▶ [Problem requirements] Every line below from the one with "Men's Unstitched Soft" through the one with "A new article" should be retyped exactly, both ends included; no other lines and no pictures.

▶ [Given entries]
........

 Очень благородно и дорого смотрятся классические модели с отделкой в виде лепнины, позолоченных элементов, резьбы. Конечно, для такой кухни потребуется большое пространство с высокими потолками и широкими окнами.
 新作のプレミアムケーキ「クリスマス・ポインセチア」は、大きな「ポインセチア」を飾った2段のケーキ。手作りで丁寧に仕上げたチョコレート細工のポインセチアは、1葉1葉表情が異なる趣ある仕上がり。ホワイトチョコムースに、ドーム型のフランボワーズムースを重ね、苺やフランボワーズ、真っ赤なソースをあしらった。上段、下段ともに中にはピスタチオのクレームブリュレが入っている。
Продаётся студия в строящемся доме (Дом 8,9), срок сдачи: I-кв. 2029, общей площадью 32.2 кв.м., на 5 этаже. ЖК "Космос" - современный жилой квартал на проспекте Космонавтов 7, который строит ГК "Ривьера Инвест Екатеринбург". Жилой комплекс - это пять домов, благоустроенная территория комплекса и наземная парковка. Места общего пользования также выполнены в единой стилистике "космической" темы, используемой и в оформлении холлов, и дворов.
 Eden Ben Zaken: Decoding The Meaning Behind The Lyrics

........

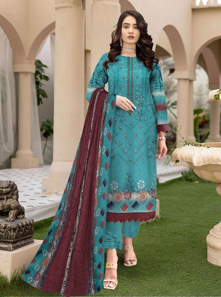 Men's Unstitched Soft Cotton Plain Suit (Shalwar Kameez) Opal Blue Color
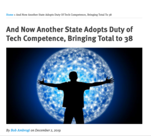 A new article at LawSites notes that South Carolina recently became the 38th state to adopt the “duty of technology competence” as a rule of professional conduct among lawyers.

........

▶ [Output of the exercise]
 Men's Unstitched Soft Cotton Plain Suit (Shalwar Kameez) Opal Blue Color
 A new article at LawSites notes that South Carolina recently became the 38th state to adopt the “duty of technology competence” as a rule of professional conduct among lawyers.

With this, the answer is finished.